Polat’s counterpart among the disparate group residing in Varosha is the firebrand Stratis Kourakis, formerly of the Greek Special Forces, who has put himself in charge of the community’s security. He is portrayed as a more one-dimensional character, an ethnic nationalist obsessed with blood purity and revenge for the death of his wife and a comrade. He looks askance at the mixed heritage twins and he is contemptuous of the mild-mannered Elias who as a result of living in America (Stratis cannot distinguish between an American and a Canadian) believes that his “blood has so thinned, [he doesn’t] know how to hate anymore.” Roland could have been talking about Stratis when he laments that zealots “intoxicate the crowd and fool them into doing the work that a bloody dream demands.” Heighton’s rendering of the “goaty-smelling” Stratis verges on being a stereotype.
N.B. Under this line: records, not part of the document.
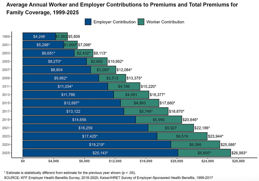 Recent findings from the KFF 2025 Employer Health Benefits Survey show that the increasing price of health insurance is putting a strain on employers and employees. Premiums have climbed steadily, eroding gains from wage growth and threatening the affordability of employer-sponsored coverage.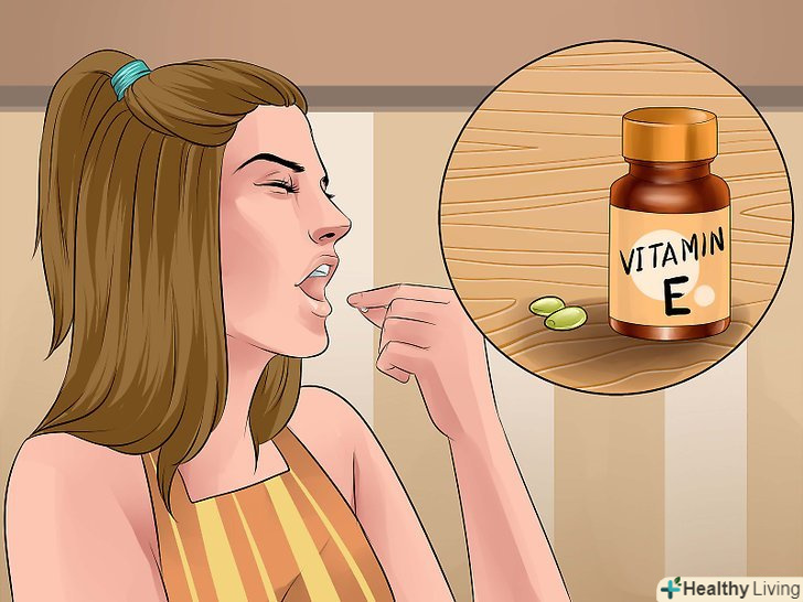 Спробуйте добавки вітаміну Е. дослідження показали, що вітамін Е в дозі 500 МО в день знижує больовий симптом в період менструації. Найкраще почати приймати вітамін Е за два дні до передбачуваного початку менструації, а закінчити прийом через 3 дні після початку. Таким чином, ви будете приймати цю добавку протягом 5 днів.[37]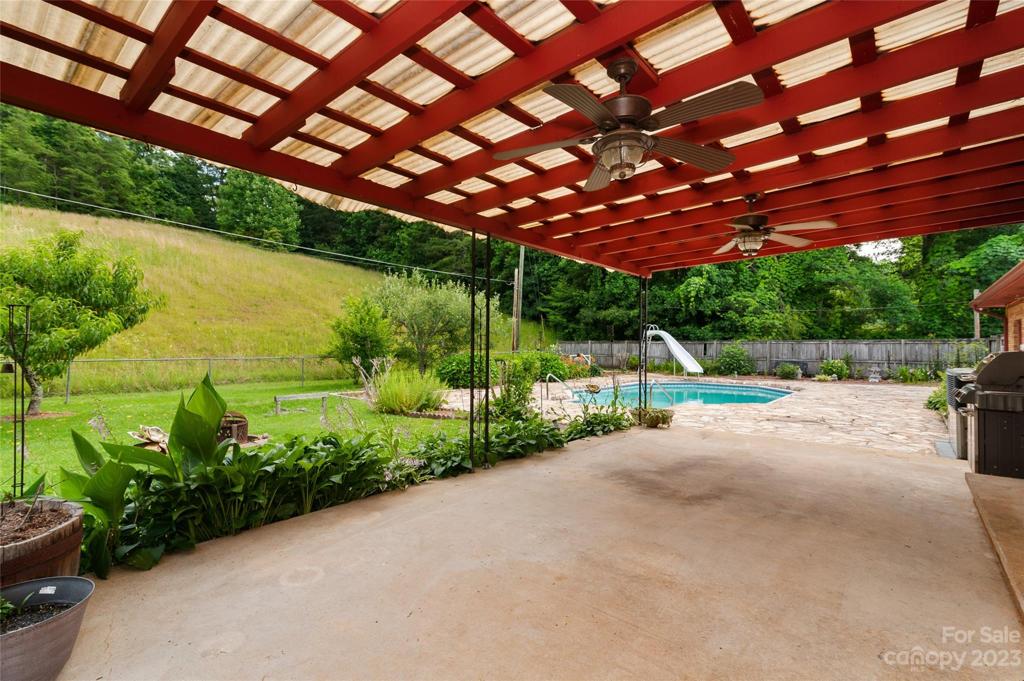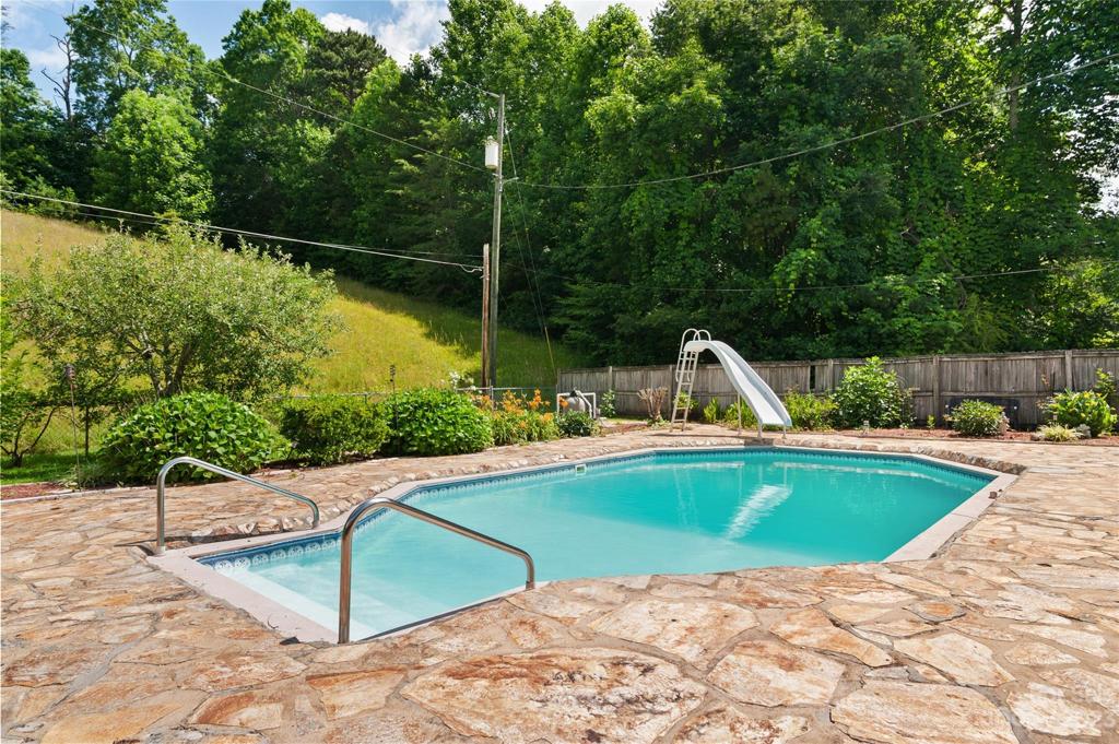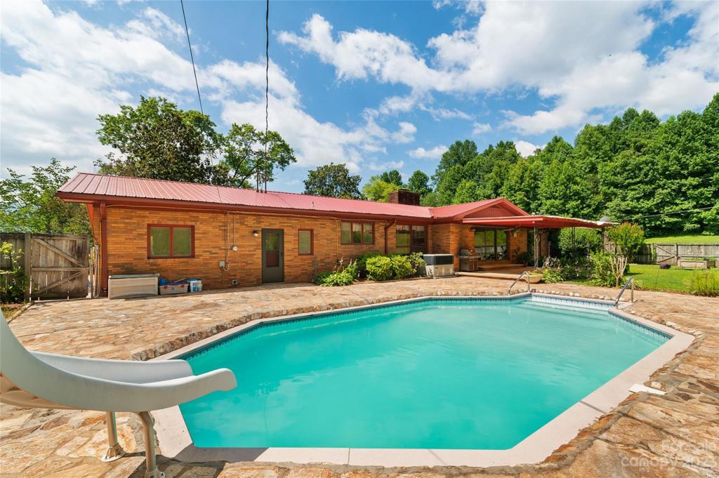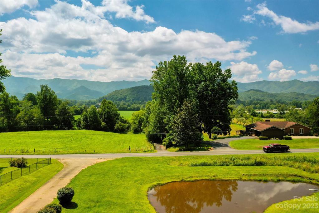 Welcome to this 4-bed, 2.5-bath ranch-style home in Andrews, NC; the ultimate in single level living. Situated on a 5+ acre lot, the in-ground pool in the backyard and the serene pond in the front yard define this property. The lush lawn, dotted with fruit trees and flowers, opens up to year round mountain views, giving you a slice of paradise. The great room offers a panoramic view through large picture windows, while the separate den overlooks the fully fenced backyard and pool, creating distinct spaces for relaxation and entertainment. With an attached two-car garage and multiple storage closets, the home provides ample room for vehicles and gear. Beautiful new hardwood flooring underfoot and a fresh coat of paint enhance the appeal. This welcoming home masterfully combines space and convenience, presenting an ideal setting for functional living and memorable gatherings. This home presents a harmonious blend of comfort and natural beauty, ready for you to make your own.
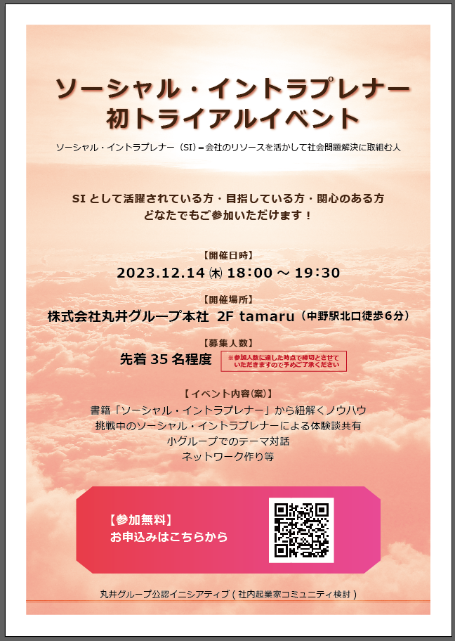 今後は、「ソーシャル・イントラプレナーが集うコミュニティ形成」をめざし、すでにソーシャル・イントラプレナーとして活躍されている方だけでなく、興味はあるけど何から始めればいいかわからないという方まで多くの方を巻き込みながら、社会の大きな渦となるように活動を行っていきます。

It is Elias who remains the central protagonist who, once he realizes that he must remain in the colony for some time, begins the process of healing that was not possible at the medical facility even though he was treated by a sympathetic physician. I want to offer a sample of Heighton’s precise writing whereby he describes a moment when Elias begins to feel the pain not only of his recent experience in Afghanistan but what preceded it:“He sobs, shakes and chokes, he hears himself making unearthly sounds, dying animal sounds, and his attempts to control and muffle them only intensify the attack. He has to give in. As if a lifetime’s quota of grief, loneliness and regret has been concentrated into one cataclysm, he weeps until his eyes swell shut and he lies still and emptied on the floor.” As a poet, Heighton has a penchant for the metaphorical. Sometimes, it works effectively as, for example, his description on the beach near the beginning when the Turkish police shine the “Cyclopean eye of the flashlight” on Elias and Eylul. Throughout, his writing is vividly evocative both of the natural setting and of character, and above all it is richly lyrical, a prose that demands that the reader take his time to savour the language.